DIRECTIONS: If a line below falls between the line with "[Source - Chloe" and the line with "Capa de tejido", or is one of those two, output it exactly; output nothing else and no pictures.

SUPPLIED RECORDS:
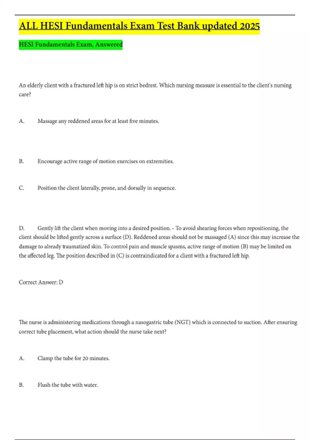 ALL HESI Fundamentals Exam Test Bank updated 2025
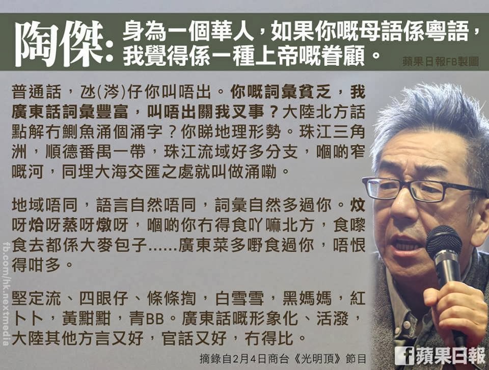 粵語本身就不是方言,如果你有參照歷史文獻,粵語才是最能傳承漢文化的語言。
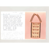 [Source - Chloe Rushovich for FHYA, 2018: File contains object identified by Nessa Leibhammer using JAG materials as a 'beadwork' and its associatedobject tag and catalogue card. The object was acquired by Harry Oppenheimer for the Brenthurst Library from Jonathan Lowen. The Brenthurst Collection is on long term loan to the Johannesburg Art Gallery. Related items include the box files 'JAG Archives: Traditional Collection: Brenthurst Collection: From Lowen Collection: 11/1A VOL 1 10/58; '11/1A VOL 2: Art & Ambiguity. Vol 1: Correspondence Reports 10/58', 'JAG Archives: Traditional Collection: Brenthurst References' and 'Traditional Collection: M.Stevenson'.]
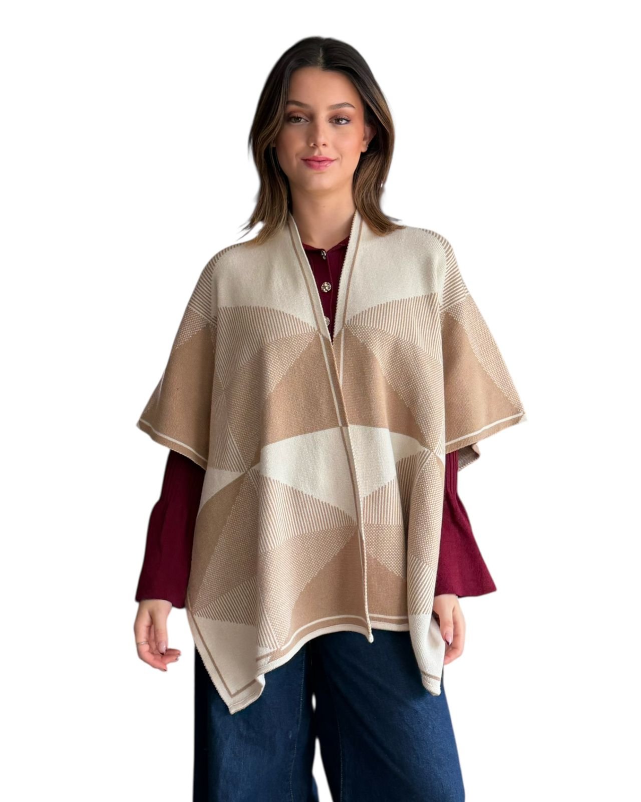 Capa de tejido de punto, estampado de cuadros camel con blanco.
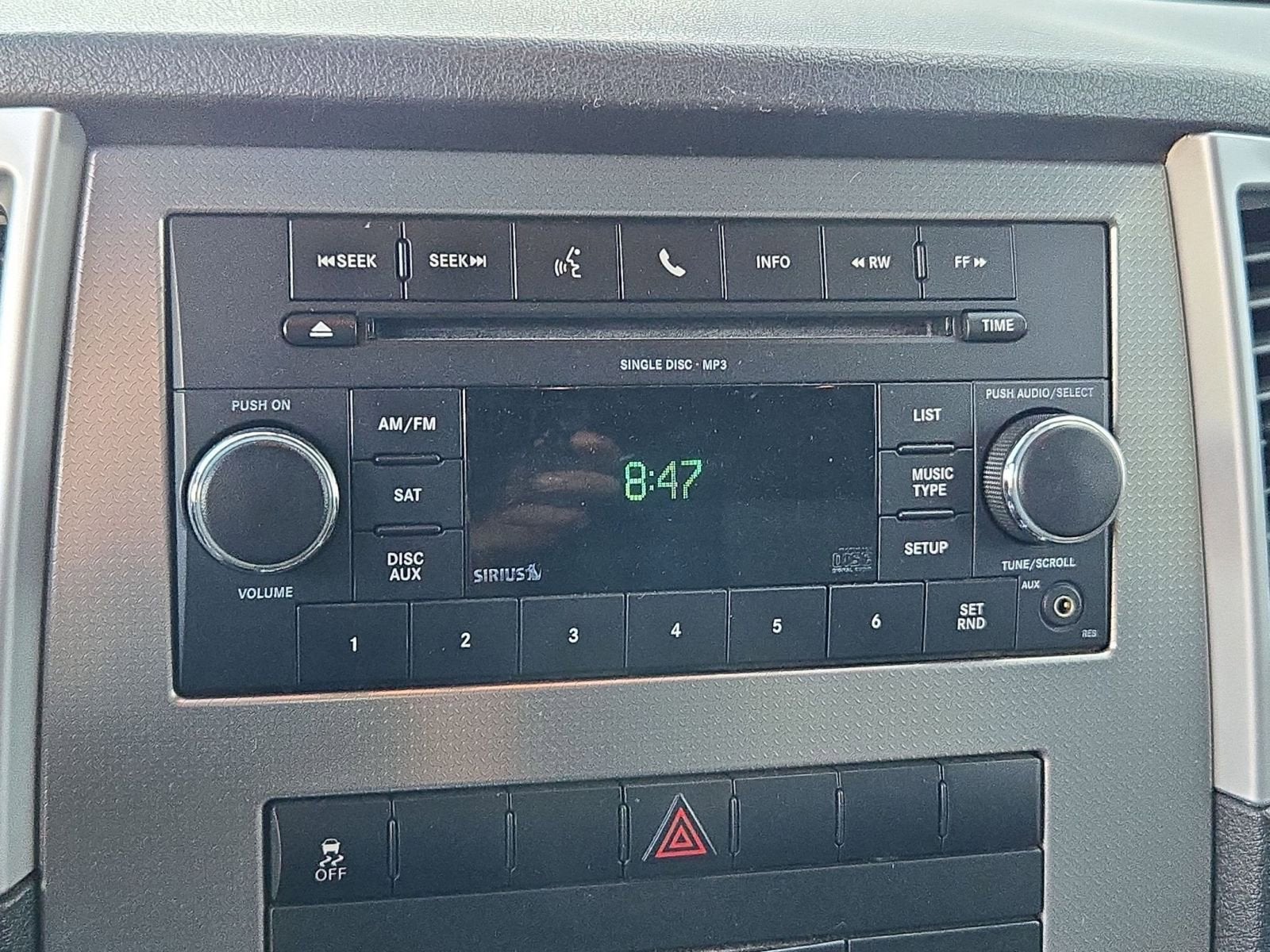 Equipped with Quick Order Package 26E, 17 x 7.5 Aluminum Sparkle Silver Wheels, 3.07 Axle Ratio, 4-Wheel Disc Brakes, 6 Speakers, ABS brakes, Air Conditioning, Alloy wheels, AM/FM radio: SIRIUS, Audio Jack Input for Mobile Devices, Bodyside moldings, Brake assist, Bumpers: body-color, CD player, Cloth Low-Back Bucket Seats, Compass, Delay-off headlights, Driver door bin, Driver vanity mirror, Dual front impact airbags, Electronic Stability Control, Front anti-roll bar, Front Bucket Seats, Front Center Armrest, Front reading lights, Front wheel independent suspension, Heated door mirrors, Illuminated entry, Low tire pressure warning, Normal Duty Suspension, Occupant sensing airbag, Outside temperature display, Overhead airbag, Overhead console, Panic alarm, Passenger door bin, Passenger vanity mirror, Power door mirrors, Power driver seat, Power steering, Power windows, Radio data system, Radio: Media Center 130 CD/MP3, Rear anti-roll bar, Rear reading lights, Rear window defroster, Rear window wiper, Remote keyless entry, Roof rack, SIRIUS Satellite Radio, Speed control, Speed-Sensitive Wipers, Split folding rear seat, Steering wheel mounted audio controls, Tachometer, Telescoping steering wheel, Tilt steering wheel, Trip computer, and Variably intermittent wipers.
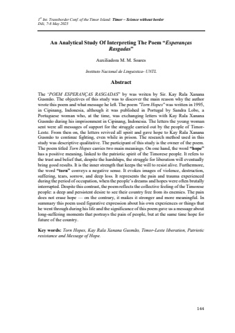 1st Int. Transborder Conf. of the Timor Island: Timor %u2013 Science without borderDili, 7-8 May 2025144An Analytical Study Of Interpreting The Poem %u201cEsperan%u00e7as Rasgadas%u201dAuxiliadora M. M. SoaresInstituto Nacional de Linguistica- UNTLAbstractThe %u2018POEM ESPERAN%u00c7AS RASGADAS%u201d by was writen by Sir. Kay Rala Xanana Gusm%u00e3o. The objectives of this study was to discover the main reason why the author wrote this poem and what message he left. The poem \in Cipinang, Indonesia, although it was published in Portugal by Sandra Lobo, a Portuguese woman who, at the time, was exchanging letters with Kay Rala Xanana Gusm%u00e3o during his imprisonment in Cipinang, Indonesia. The letters the young woman sent were all messages of support for the struggle carried out by the people of TimorLeste. From then on, the letters revived all spirit and gave hope to Kay Rala Xanana Gusm%u00e3o to continue fighting, even while in prison. The research method used in this study was descriptive qualitative. The participant of this study is the owner of the poem.The poem titled Torn Hopes carries two main meanings. On one hand, the word %u201chope%u201dhas a positive meaning, linked to the patriotic spirit of the Timorese people. It refers to the trust and belief that, despite the hardships, the struggle for liberation will eventually bring good results. It is the inner strength that keeps the will to resist alive. Furthermore, the word %u201ctorn%u201d conveys a negative sense. It evokes images of violence, destruction, suffering, tears, sorrow, and deep loss. It represents the pain and trauma experienced during the period of occupation, when the people%u2019s dreams and hopes were often brutally interrupted. Despite this contrast, the poem reflects the collective feeling of the Timorese people: a deep and persistent desire to see their country free from its enemies. The pain does not erase hope %u2014 on the contrary, it makes it stronger and more meaningful. In summary this poem used figurative expression about his own experiences or things that he went through during his life and the significance of this poem gave us a message about long-suffering moments that portrays the pain of people, but at the same time hope for future of the country. Key words: Torn Hopes, Kay Rala Xanana Gusm%u00e3o, Timor-Leste liberation, Patriotic resistance and Message of Hope.
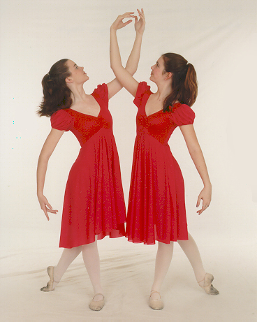 Maere and Georgie posing for Lexington School of Dance studio portraits, March 27, 1999. Georgie is on the right.
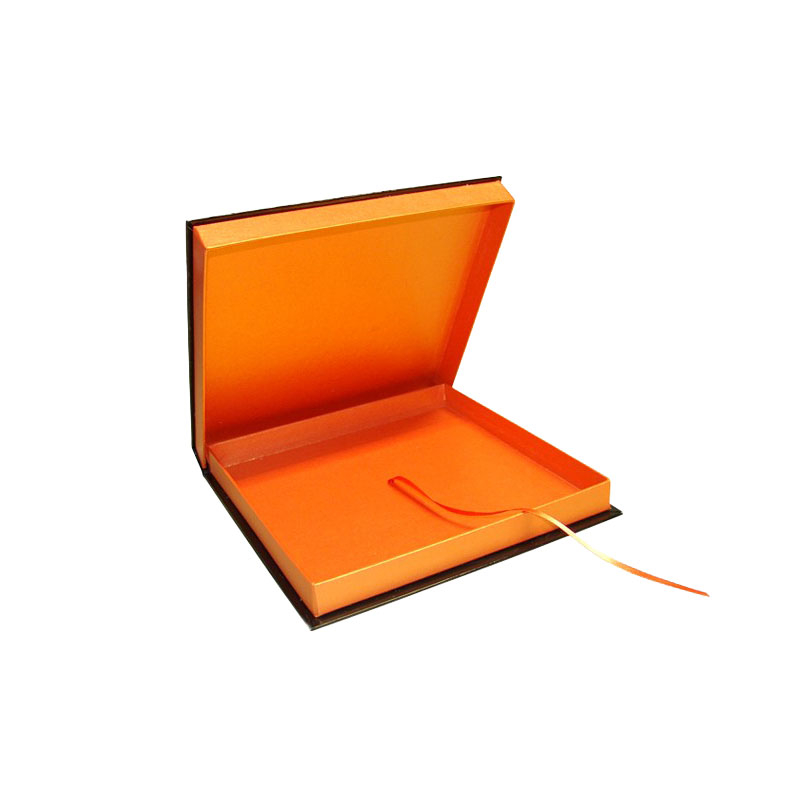 Cutie tip carte din carton rigid, cu interior elegant si panglica extragerea continutului. Ideala pentru carti, albume, agende sau documente premium, oferind protectie si o prezentare rafinata.
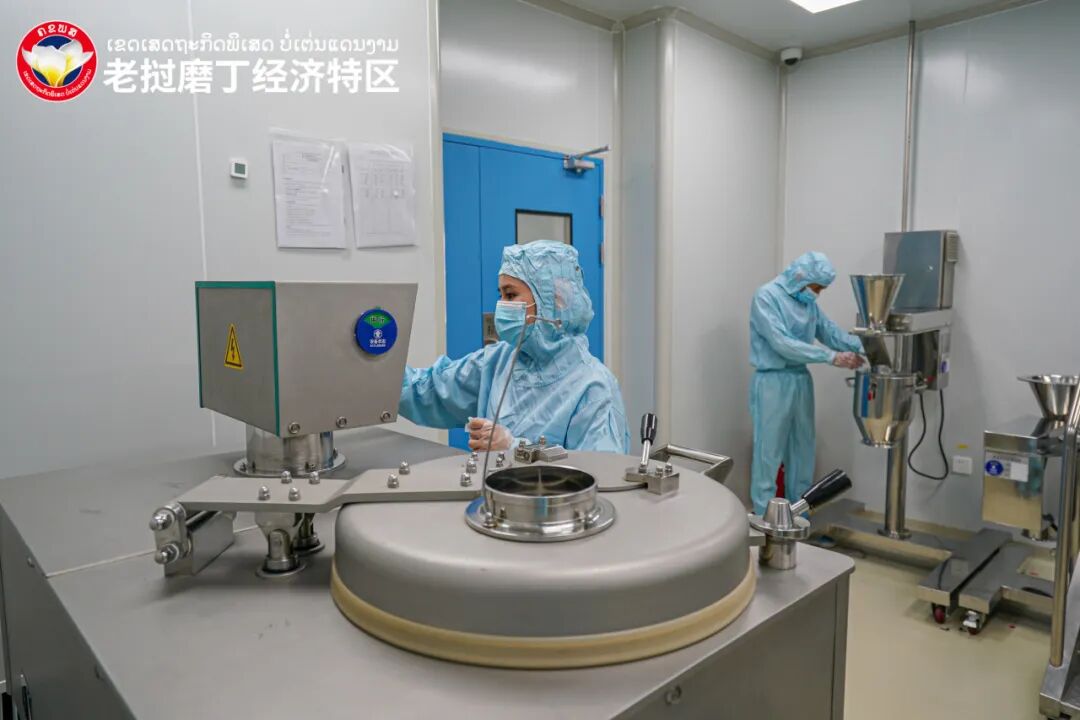 位于磨丁的厂房占地面积1500平方米,日均生产胶囊50万颗,片剂药品20万粒,药品销往中国与东南亚各国市场,借助磨丁便捷的交通网络使药品快速送达至患者手中。

ANSWER TO THIS TASK:
 [Source - Chloe Rushovich for FHYA, 2018: File contains object identified by Nessa Leibhammer using JAG materials as a 'beadwork' and its associatedobject tag and catalogue card. The object was acquired by Harry Oppenheimer for the Brenthurst Library from Jonathan Lowen. The Brenthurst Collection is on long term loan to the Johannesburg Art Gallery. Related items include the box files 'JAG Archives: Traditional Collection: Brenthurst Collection: From Lowen Collection: 11/1A VOL 1 10/58; '11/1A VOL 2: Art & Ambiguity. Vol 1: Correspondence Reports 10/58', 'JAG Archives: Traditional Collection: Brenthurst References' and 'Traditional Collection: M.Stevenson'.]
 Capa de tejido de punto, estampado de cuadros camel con blanco.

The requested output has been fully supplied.